The candy store’s back door sparkled like it was the Fourth of July, a holiday that had been outlawed due to freedom fighter groups using it as an excuse to aim fireworks (yeah, they weren’t fireworks) at the Capital Building in 2029. Fireworks had been replaced by digital displays like that in Main Street of Vegas and Times Square in New York. That hadn’t stopped the rednecks from illegal fireworks that they bought from their local reservations, so the herd had been called to moo their way to the polls again. Save the children from dangerous fireworks (a phone ad slogan that was pitched with the pitiful pictures of 3-yr-old Sally Timits sans one of her eyes) had been the call to arms and the herd had voted out Independence Day as an American holiday. I only remembered it because I loved this old country song about it.
I’d made my way out of the Game Stop and into the candy store. Once again, I didn’t need to enter the store itself. The storeroom held lots of bags of candy that I could use to cushion the precious Switches in my oversized purse. So much for trying to pick up healthy options. Okay, I didn’t mind. My body was being fed a nutritious mix of chemicals in the pod somewhere so what difference did it make anyway? It wasn’t like the AI was going to make me fat because of my choices. All I had to do was represent the things that my viewers didn’t think they could do in real life, and I could embody their wish-fulfillment fantasies.

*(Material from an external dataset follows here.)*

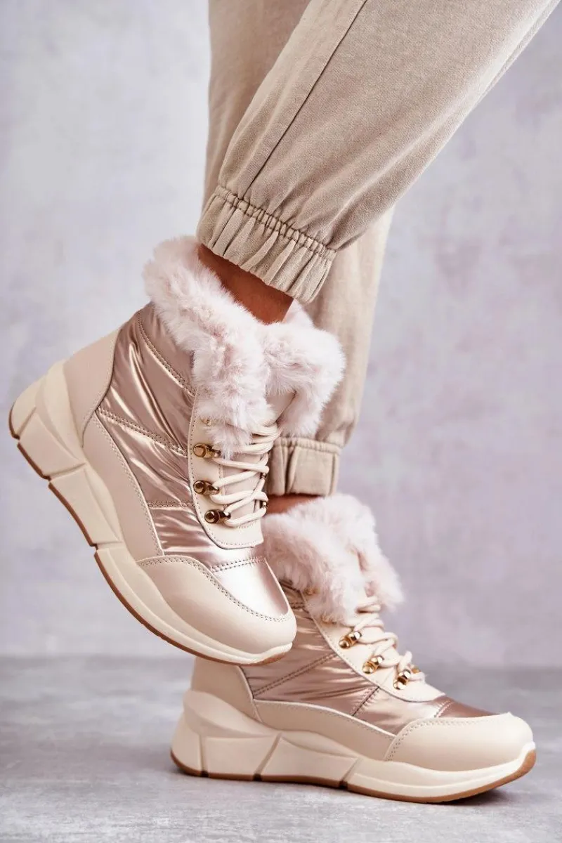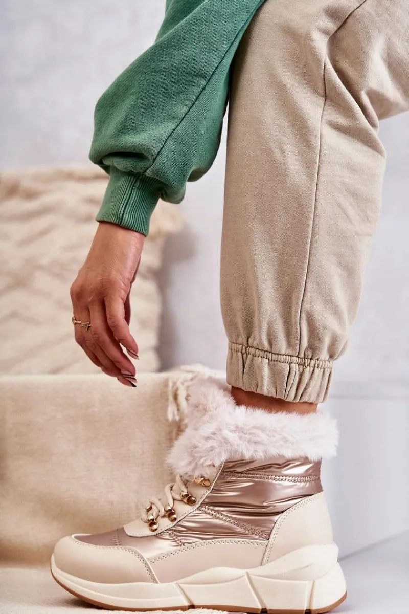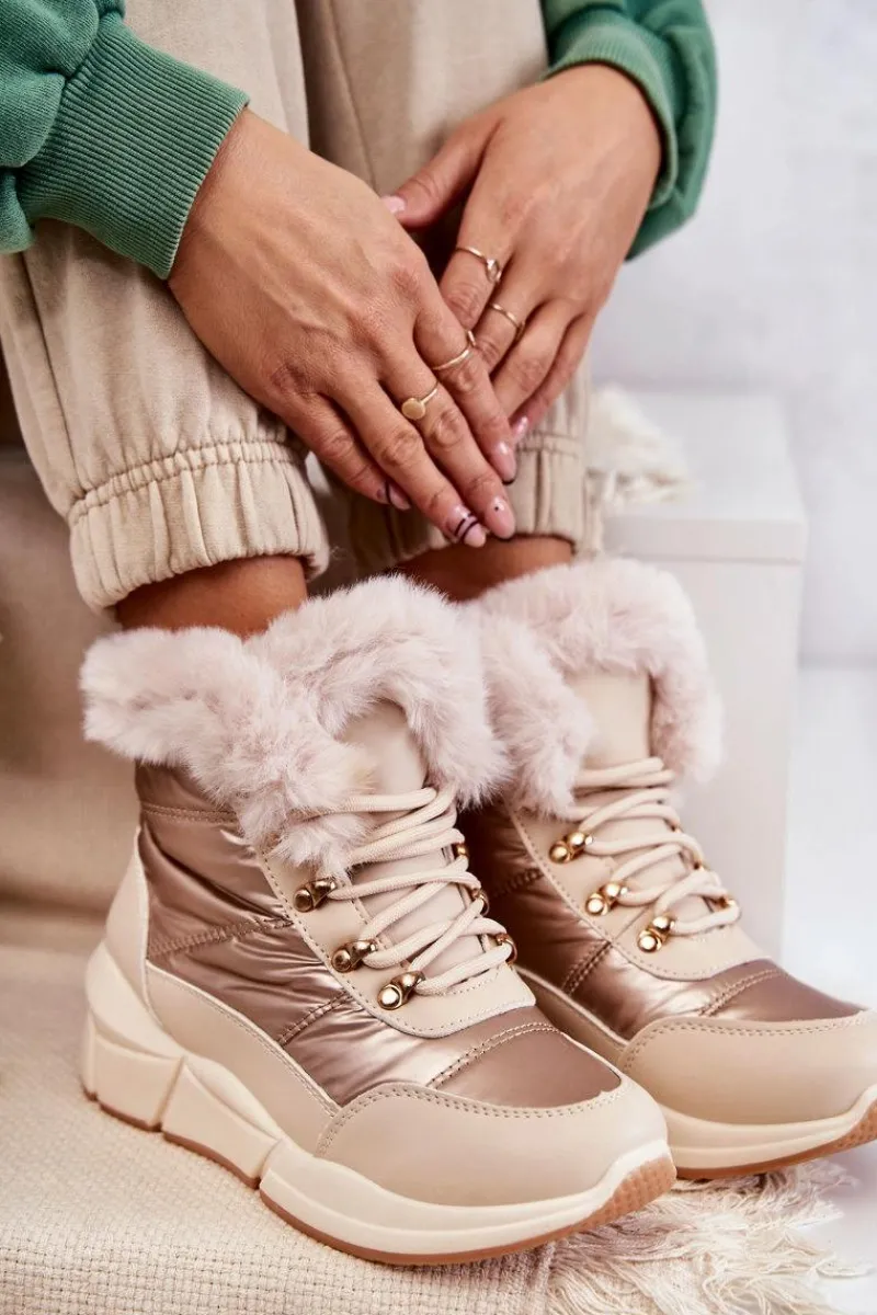 Modne śniegowce zostały wykonane z materiału odpornego na zimno i wiatr. Cholewka zakończona sztucznym futerkiem. Model klasycznie sznurowany. Śniegowce zostały osadzone na masywnej platformie. Posiadają w środku ocieplenie w postaci grubego futerka. Niezwykle ciepłe, a zarazem stylowe. Powinnaś je mieć! Idealnie uzupełnią każdą zimową stylizację! Przy wyborze rozmiaru prosimy sugerować się tabelą rozmiarów.

The employee hallway emptied out into the food court, but I didn’t peek out and check. That would look too suspicious. Like the perfectly behaved kitten in my hair or the curious little noses of the ferrets peeking up out of the back of my hair weren’t suspicious enough. Somehow, I strolled out of that hallway loaded down with loot and instead of walking out the door, I paused to order a burger, fries, and extra-large diet coke with ice. Then I called the cashier back and ordered five extra kid’s burgers and fries off the dollar menu. My cohorts were going to eat well tonight.

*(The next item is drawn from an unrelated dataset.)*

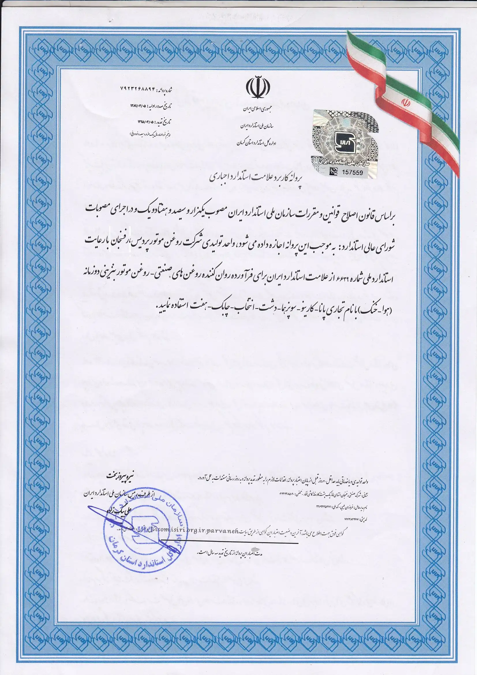 Notre société, Pardis Motor Oil, est active dans la régénération des produits pétroliers légers et la fabrication de divers types d’huiles moteur, huiles hydrauliques, huiles pour engrenages et huiles industrielles. Dès le départ, l’accent a été mis sur l’exportation. Aujourd’hui, nous sommes fiers d’exporter 90 % de notre production sur les marchés internationaux, et de réserver les 10 % restants au marché intérieur.

“Did you see what happened that made all that noise?” I asked the cashier as I slipped a twenty across the counter to pay for my posse’s meals.
“All I saw were two birds come flying up over the food court,” the bored teenager said, handing me my change with a shrug. She never even looked up to my face and therefore missed the fact that my entourage was sniffing at the interesting smells that tempted and tantalized me as much as them. That’s why I’d stopped for a take out meal. “If they shit on the tables, I’m not cleaning that shit up.”
Viewers – 263
“I don’t blame you,” I replied, my tone serious, but my eyes dancing. It didn’t look like this mall worker was going to clean tables even if they didn’t have bird poo on them. Nobody noticed me sit down at a table where someone had left half a lunch. I poked the nose of one of the ferrets back over my shoulder with a couple of fries that I’d snagged out of that lunch. The kitten got a bite of burger patty, and I nibbled on a pickle that didn’t look like it had a bite out of it.
“Order up,” the teenager called out. I picked up the huge bag with my order in it.
Even as the security guard came around the corner where the commotion had finally died down, he wasn’t looking for me. I put my shoulder to the exit door’s push handle as I watched that security guard arguing with what sounded like the pet store manager who was pointing up at the birds in the rafters.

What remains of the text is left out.